-- DATA EXTRACT follows --

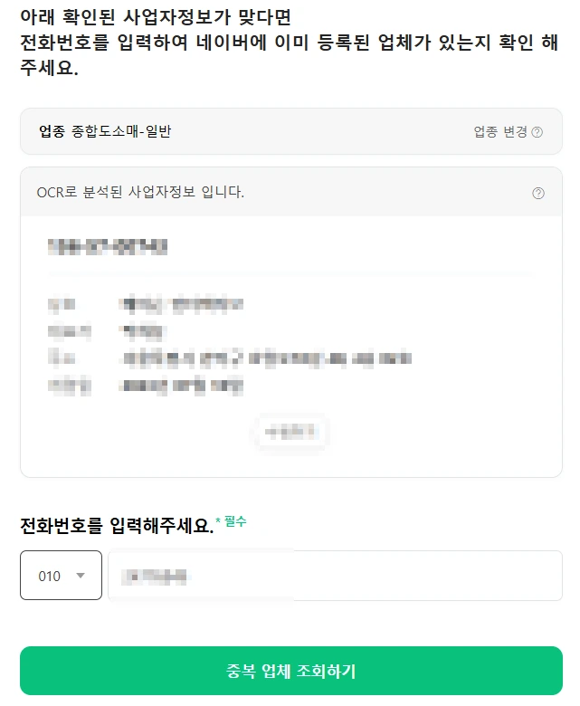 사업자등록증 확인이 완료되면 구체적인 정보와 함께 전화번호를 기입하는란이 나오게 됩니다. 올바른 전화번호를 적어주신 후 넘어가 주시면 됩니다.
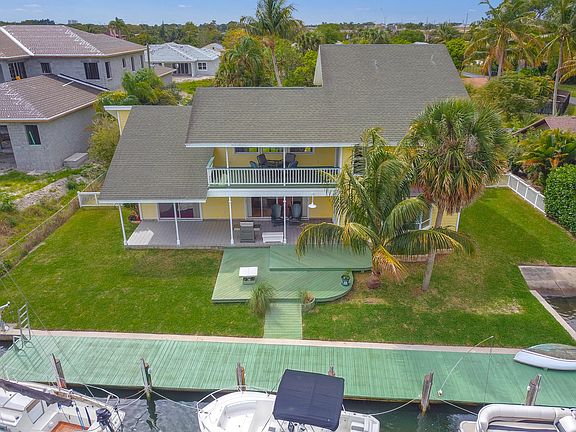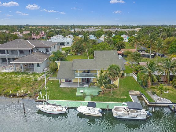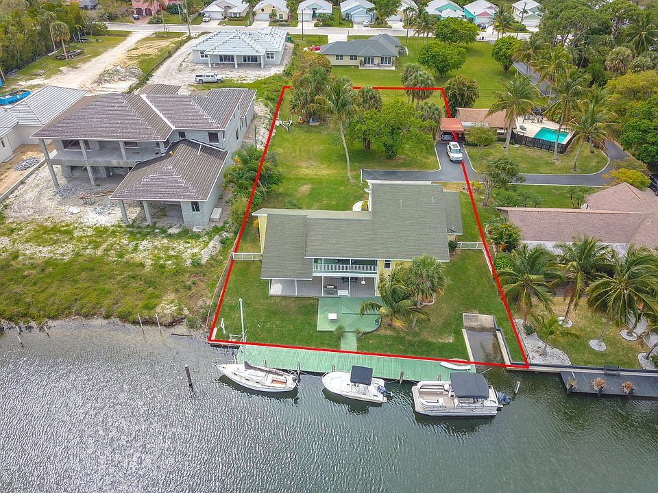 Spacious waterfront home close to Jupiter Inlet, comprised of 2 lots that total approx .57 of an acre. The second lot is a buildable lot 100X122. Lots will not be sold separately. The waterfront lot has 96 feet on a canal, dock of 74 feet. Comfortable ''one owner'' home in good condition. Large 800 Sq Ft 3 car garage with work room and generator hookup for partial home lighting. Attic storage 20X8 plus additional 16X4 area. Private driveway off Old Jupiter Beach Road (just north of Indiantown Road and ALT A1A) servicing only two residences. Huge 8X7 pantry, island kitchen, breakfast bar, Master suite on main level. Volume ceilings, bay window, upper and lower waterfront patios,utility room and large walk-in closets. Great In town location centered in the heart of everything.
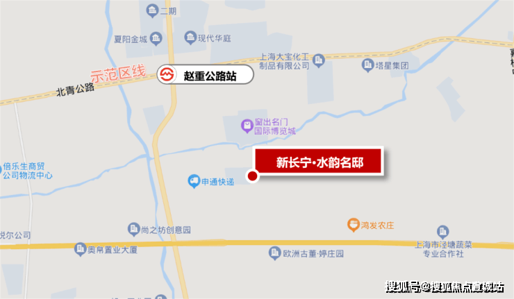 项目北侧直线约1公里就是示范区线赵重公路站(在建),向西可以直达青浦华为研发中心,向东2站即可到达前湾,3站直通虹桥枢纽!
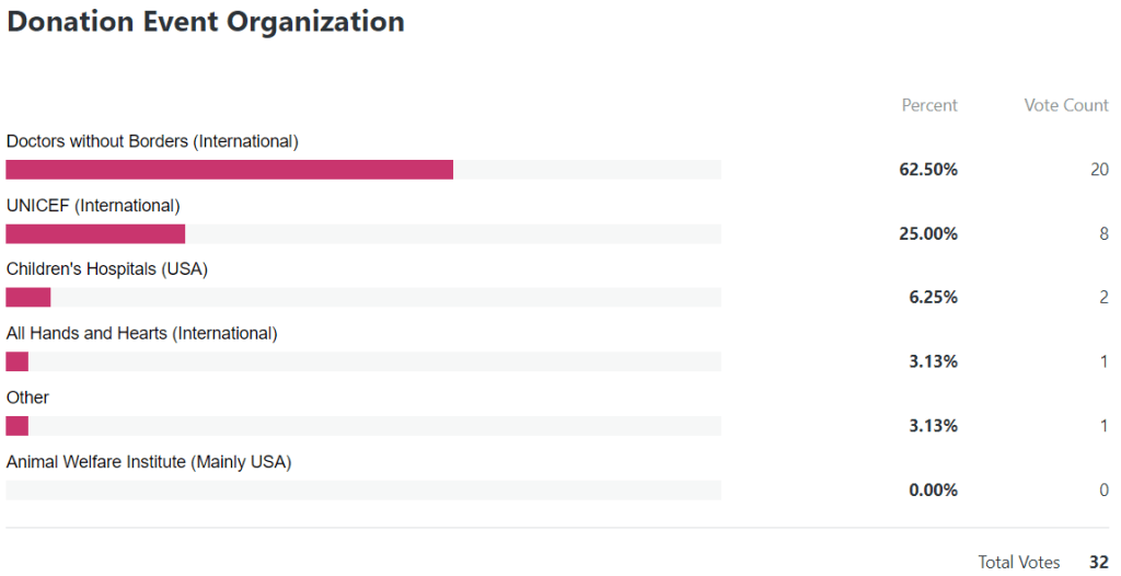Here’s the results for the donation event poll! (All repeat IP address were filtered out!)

-- DATA EXTRACT concluded --

All of the data above needs to be retyped exactly, with the pictures removed.

 사업자등록증 확인이 완료되면 구체적인 정보와 함께 전화번호를 기입하는란이 나오게 됩니다. 올바른 전화번호를 적어주신 후 넘어가 주시면 됩니다.
 Spacious waterfront home close to Jupiter Inlet, comprised of 2 lots that total approx .57 of an acre. The second lot is a buildable lot 100X122. Lots will not be sold separately. The waterfront lot has 96 feet on a canal, dock of 74 feet. Comfortable ''one owner'' home in good condition. Large 800 Sq Ft 3 car garage with work room and generator hookup for partial home lighting. Attic storage 20X8 plus additional 16X4 area. Private driveway off Old Jupiter Beach Road (just north of Indiantown Road and ALT A1A) servicing only two residences. Huge 8X7 pantry, island kitchen, breakfast bar, Master suite on main level. Volume ceilings, bay window, upper and lower waterfront patios,utility room and large walk-in closets. Great In town location centered in the heart of everything.
 项目北侧直线约1公里就是示范区线赵重公路站(在建),向西可以直达青浦华为研发中心,向东2站即可到达前湾,3站直通虹桥枢纽!
Here’s the results for the donation event poll! (All repeat IP address were filtered out!)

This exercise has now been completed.